→ DESCRIPTION OF THE TASK:
Quote the whole listing exactly. Leave the pictures out of your copy.

→ SOURCE DATA:
_ _ _
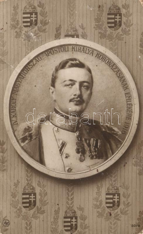 1916 IV. Károly Magyarország Apostoli királya koronázásának emlékére, címer / Charles IV, coronatioan memorial card, coat of arms (fa)
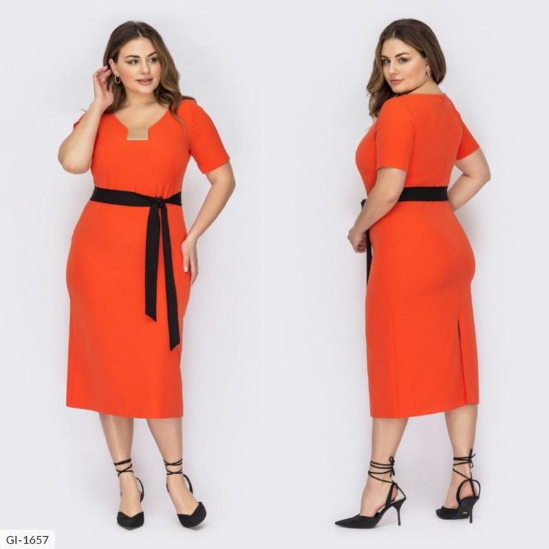 Сукня GI-1655 модель : sfdr - 1047 Розмiри: 48, 50, 52, 54, 56, 58 Полуприлегающий силует Тканина: креп-стрейч Знімний пояс-пояс з крепу чорного кольору Потайна блискавка по спинці Оздоблення зі шкіри бежевого кольору Атласна обробка внутрішніх швів Довжина виробу від 1м 08 - 1м 10 см см по центру спинки Довжина рукава 45 см Довжина виробу пропорційно збільшується від розміру. со
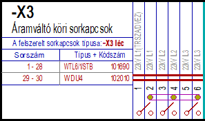 A felszerelt sorkapcsok típusa: -X1 léc
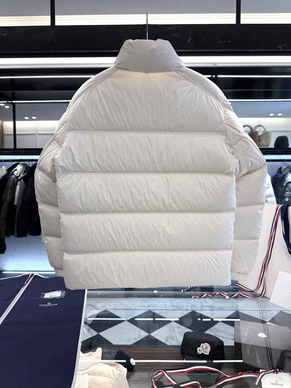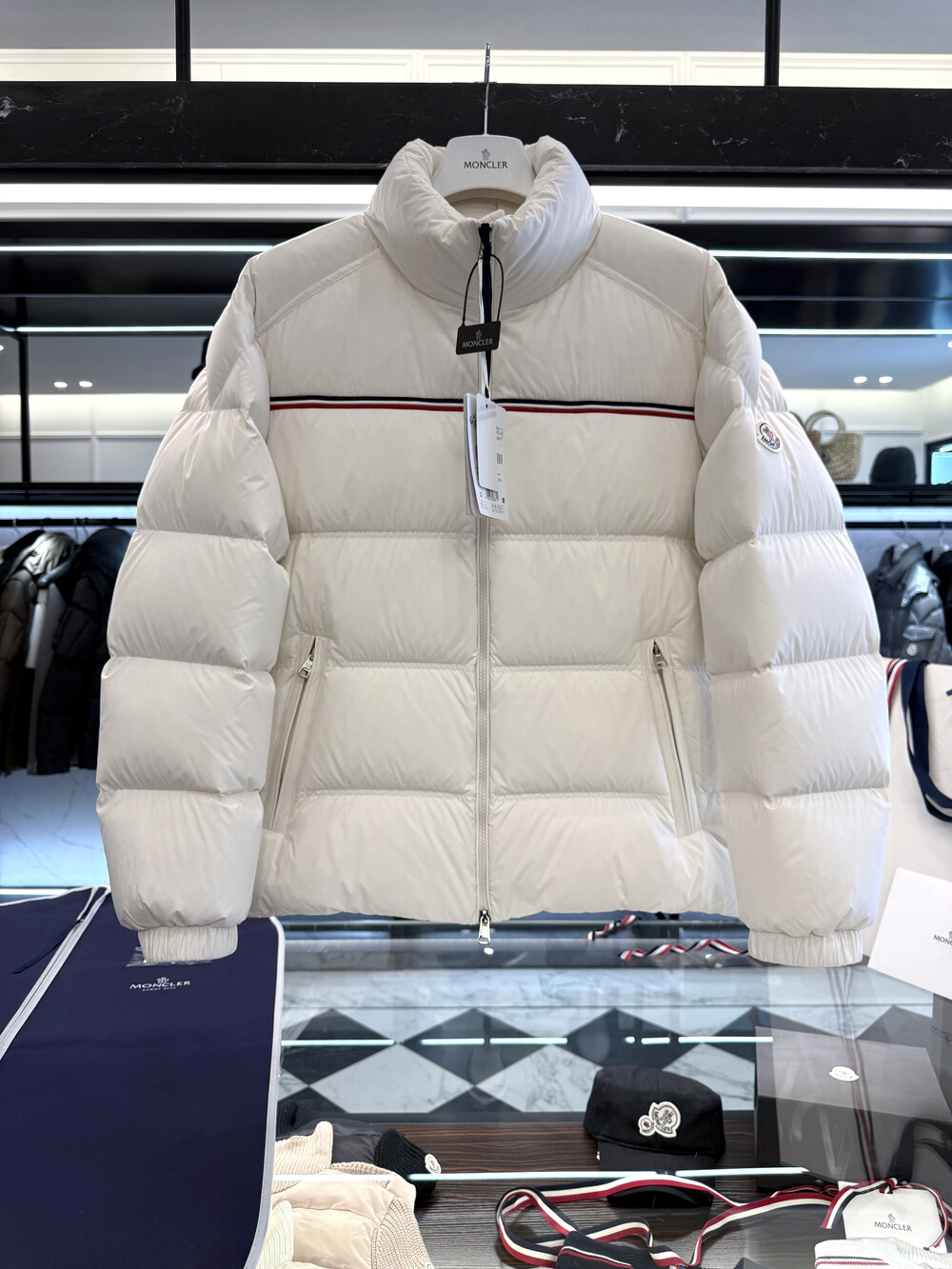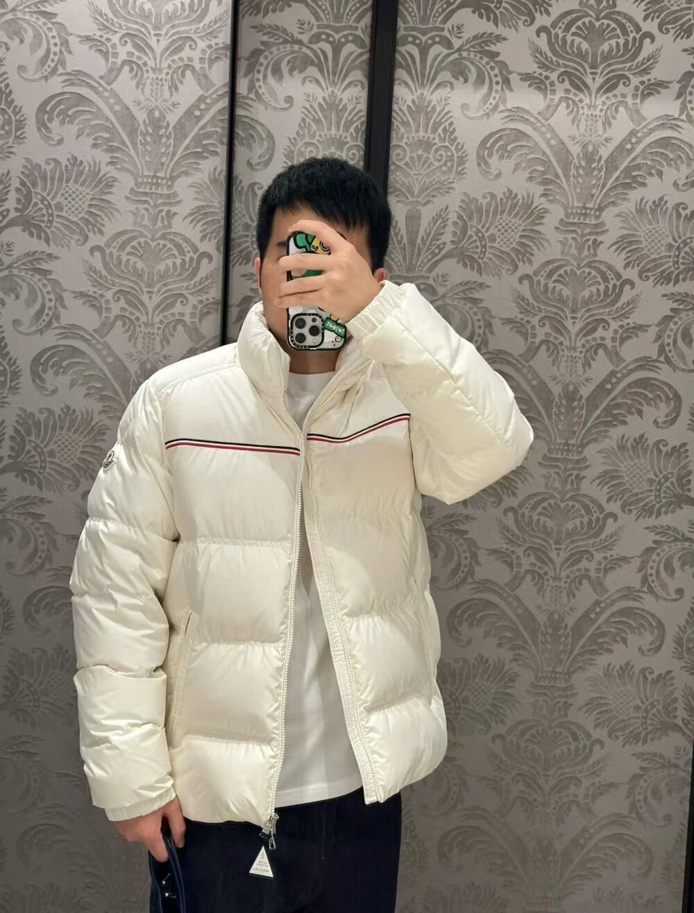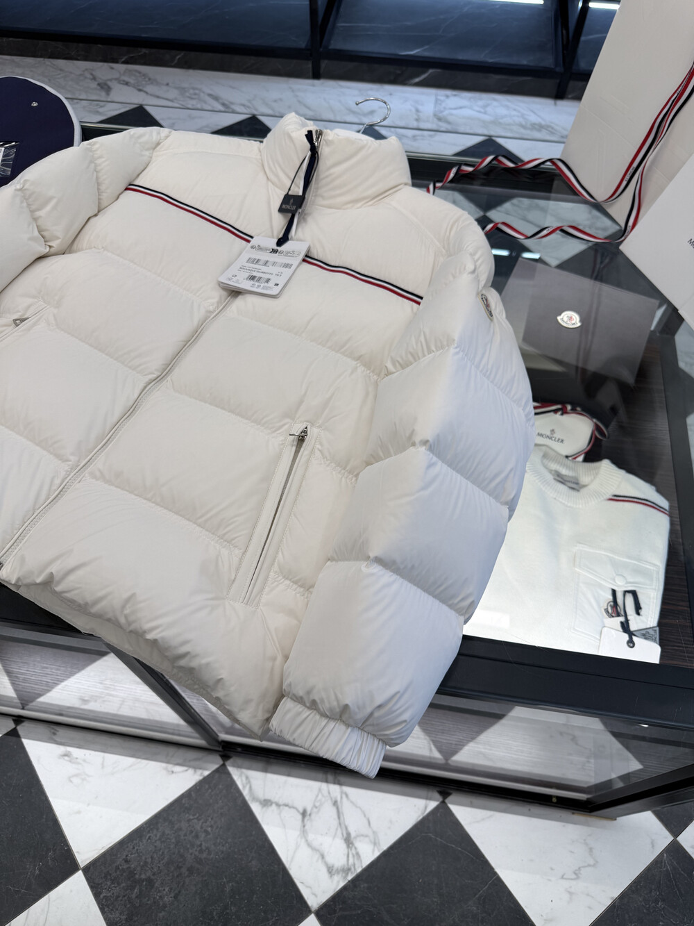 스트라이프 자수 스탠드 칼라 다운 재킷
_ _ _
→ RESPONSE AREA:
 1916 IV. Károly Magyarország Apostoli királya koronázásának emlékére, címer / Charles IV, coronatioan memorial card, coat of arms (fa)
 Сукня GI-1655 модель : sfdr - 1047 Розмiри: 48, 50, 52, 54, 56, 58 Полуприлегающий силует Тканина: креп-стрейч Знімний пояс-пояс з крепу чорного кольору Потайна блискавка по спинці Оздоблення зі шкіри бежевого кольору Атласна обробка внутрішніх швів Довжина виробу від 1м 08 - 1м 10 см см по центру спинки Довжина рукава 45 см Довжина виробу пропорційно збільшується від розміру. со
 A felszerelt sorkapcsok típusa: -X1 léc
 스트라이프 자수 스탠드 칼라 다운 재킷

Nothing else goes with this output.